#### Exercise description
Go to the line holding "Division 3 cruised" in the entries below and write out exactly every line down to and including the line holding "Figure 1 - Study".

Data records
^^^^

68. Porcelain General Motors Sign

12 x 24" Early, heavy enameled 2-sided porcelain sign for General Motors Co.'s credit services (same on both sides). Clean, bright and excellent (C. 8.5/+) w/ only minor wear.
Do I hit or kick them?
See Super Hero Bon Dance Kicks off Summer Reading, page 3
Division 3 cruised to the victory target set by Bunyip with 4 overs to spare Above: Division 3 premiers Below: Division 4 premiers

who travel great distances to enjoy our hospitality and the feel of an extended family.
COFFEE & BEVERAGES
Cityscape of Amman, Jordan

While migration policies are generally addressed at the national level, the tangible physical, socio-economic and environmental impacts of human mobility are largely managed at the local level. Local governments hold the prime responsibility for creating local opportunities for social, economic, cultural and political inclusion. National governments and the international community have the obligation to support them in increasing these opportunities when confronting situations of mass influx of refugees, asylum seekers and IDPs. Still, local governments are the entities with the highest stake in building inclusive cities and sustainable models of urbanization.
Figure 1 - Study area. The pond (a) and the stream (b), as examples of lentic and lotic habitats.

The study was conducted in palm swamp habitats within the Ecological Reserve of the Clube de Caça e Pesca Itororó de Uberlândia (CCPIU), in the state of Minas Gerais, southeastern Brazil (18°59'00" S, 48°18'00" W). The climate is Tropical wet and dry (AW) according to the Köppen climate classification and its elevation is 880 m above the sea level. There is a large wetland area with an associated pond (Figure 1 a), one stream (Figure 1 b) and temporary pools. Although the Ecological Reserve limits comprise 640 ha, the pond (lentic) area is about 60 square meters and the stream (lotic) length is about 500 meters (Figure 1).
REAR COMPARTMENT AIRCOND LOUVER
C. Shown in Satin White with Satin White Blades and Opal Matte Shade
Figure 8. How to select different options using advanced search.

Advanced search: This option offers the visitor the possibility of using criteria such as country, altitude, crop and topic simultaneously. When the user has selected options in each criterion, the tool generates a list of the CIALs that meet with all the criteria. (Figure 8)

^^^^

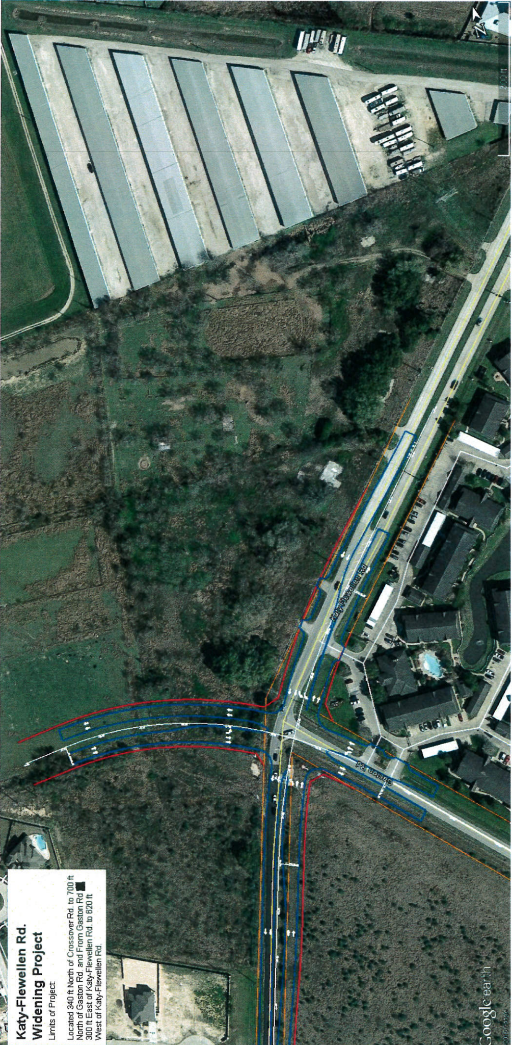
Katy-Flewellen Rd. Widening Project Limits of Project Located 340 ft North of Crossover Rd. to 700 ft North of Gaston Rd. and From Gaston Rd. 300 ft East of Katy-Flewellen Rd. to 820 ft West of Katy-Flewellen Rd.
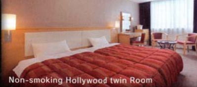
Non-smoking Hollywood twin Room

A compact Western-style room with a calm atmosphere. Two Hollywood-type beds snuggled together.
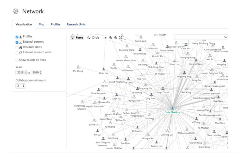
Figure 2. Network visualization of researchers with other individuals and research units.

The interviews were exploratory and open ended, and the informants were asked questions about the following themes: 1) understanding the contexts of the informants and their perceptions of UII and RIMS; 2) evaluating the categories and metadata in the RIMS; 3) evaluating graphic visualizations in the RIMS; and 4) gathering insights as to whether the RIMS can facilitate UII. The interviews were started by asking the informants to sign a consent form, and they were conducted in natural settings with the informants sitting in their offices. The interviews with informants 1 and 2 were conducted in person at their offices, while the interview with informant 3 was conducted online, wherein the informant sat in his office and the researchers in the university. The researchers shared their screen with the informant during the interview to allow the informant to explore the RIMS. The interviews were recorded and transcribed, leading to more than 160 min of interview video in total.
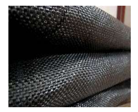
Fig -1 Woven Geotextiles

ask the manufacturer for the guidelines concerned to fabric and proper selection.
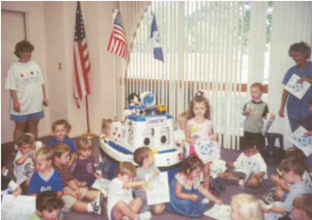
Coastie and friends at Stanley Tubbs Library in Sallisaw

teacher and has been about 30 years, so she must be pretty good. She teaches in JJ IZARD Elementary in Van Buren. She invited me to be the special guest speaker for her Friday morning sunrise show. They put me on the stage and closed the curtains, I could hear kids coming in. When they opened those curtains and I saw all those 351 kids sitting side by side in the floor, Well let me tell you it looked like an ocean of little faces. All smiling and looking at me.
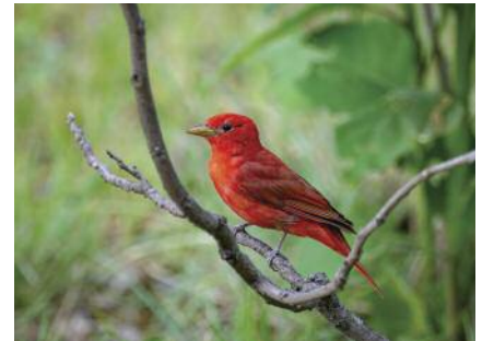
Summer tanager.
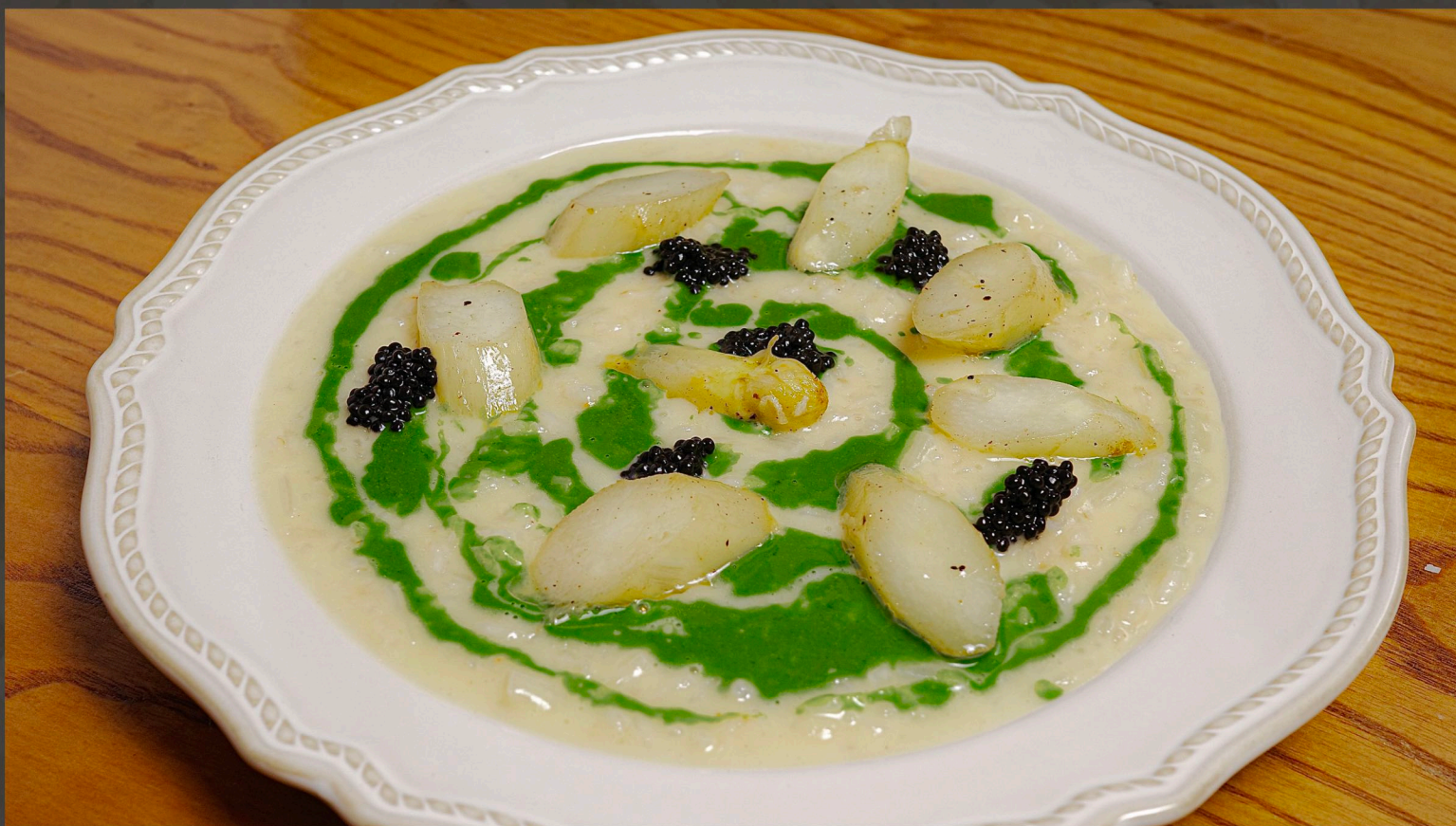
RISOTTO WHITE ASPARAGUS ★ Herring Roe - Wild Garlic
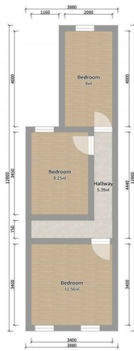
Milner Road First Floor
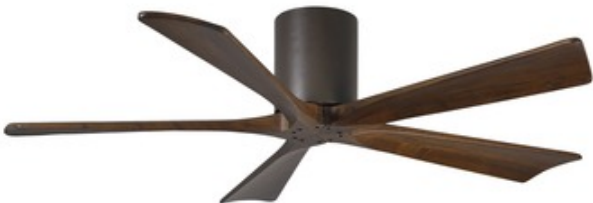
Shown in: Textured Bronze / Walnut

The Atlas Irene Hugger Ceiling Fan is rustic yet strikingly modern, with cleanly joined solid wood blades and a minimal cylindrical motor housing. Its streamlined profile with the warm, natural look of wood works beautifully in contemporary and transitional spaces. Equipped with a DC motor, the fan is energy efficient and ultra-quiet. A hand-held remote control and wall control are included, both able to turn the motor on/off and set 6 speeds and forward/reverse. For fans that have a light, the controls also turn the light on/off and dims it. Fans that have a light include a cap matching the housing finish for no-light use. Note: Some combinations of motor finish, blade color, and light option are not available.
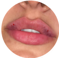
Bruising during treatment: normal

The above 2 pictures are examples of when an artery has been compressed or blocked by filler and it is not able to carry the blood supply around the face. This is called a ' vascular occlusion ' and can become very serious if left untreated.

^^^^

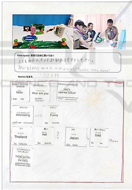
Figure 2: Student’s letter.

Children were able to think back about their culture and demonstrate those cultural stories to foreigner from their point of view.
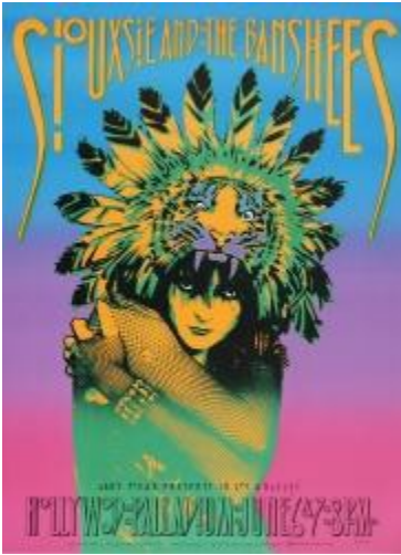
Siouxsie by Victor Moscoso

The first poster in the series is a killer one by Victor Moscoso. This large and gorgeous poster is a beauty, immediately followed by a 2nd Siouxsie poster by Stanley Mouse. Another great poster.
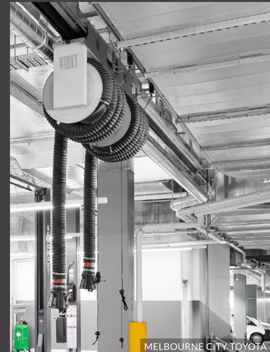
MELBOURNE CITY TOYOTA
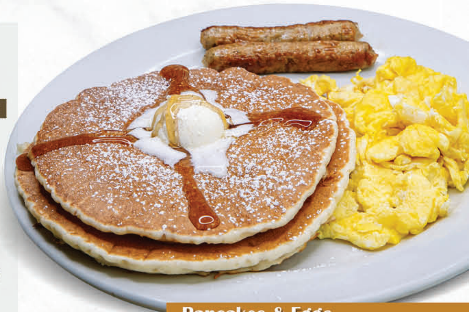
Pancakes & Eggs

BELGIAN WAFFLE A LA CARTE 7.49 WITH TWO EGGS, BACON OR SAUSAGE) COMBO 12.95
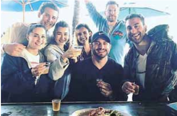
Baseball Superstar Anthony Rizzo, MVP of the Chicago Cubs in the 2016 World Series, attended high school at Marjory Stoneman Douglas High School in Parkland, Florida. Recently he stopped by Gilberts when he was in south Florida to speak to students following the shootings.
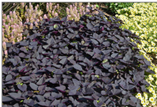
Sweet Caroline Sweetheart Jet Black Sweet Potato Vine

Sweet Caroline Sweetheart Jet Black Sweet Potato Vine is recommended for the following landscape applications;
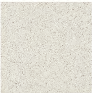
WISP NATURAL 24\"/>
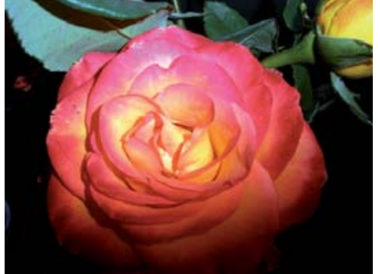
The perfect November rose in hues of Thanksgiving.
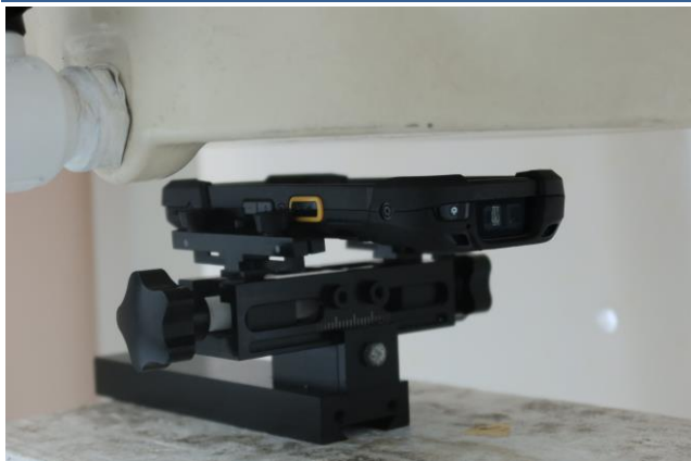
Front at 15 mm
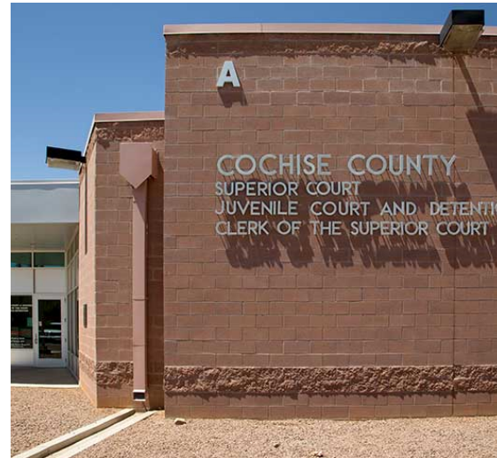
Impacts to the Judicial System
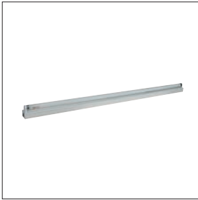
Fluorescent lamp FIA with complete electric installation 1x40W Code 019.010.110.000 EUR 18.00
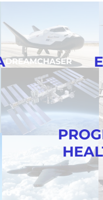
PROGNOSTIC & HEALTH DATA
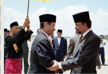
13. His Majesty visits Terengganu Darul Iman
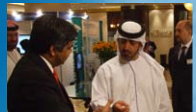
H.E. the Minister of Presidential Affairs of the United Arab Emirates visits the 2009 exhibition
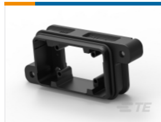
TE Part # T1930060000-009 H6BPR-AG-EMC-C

^^^^

#### Written solution
Division 3 cruised to the victory target set by Bunyip with 4 overs to spare Above: Division 3 premiers Below: Division 4 premiers

who travel great distances to enjoy our hospitality and the feel of an extended family.
COFFEE & BEVERAGES
Cityscape of Amman, Jordan

While migration policies are generally addressed at the national level, the tangible physical, socio-economic and environmental impacts of human mobility are largely managed at the local level. Local governments hold the prime responsibility for creating local opportunities for social, economic, cultural and political inclusion. National governments and the international community have the obligation to support them in increasing these opportunities when confronting situations of mass influx of refugees, asylum seekers and IDPs. Still, local governments are the entities with the highest stake in building inclusive cities and sustainable models of urbanization.
Figure 1 - Study area. The pond (a) and the stream (b), as examples of lentic and lotic habitats.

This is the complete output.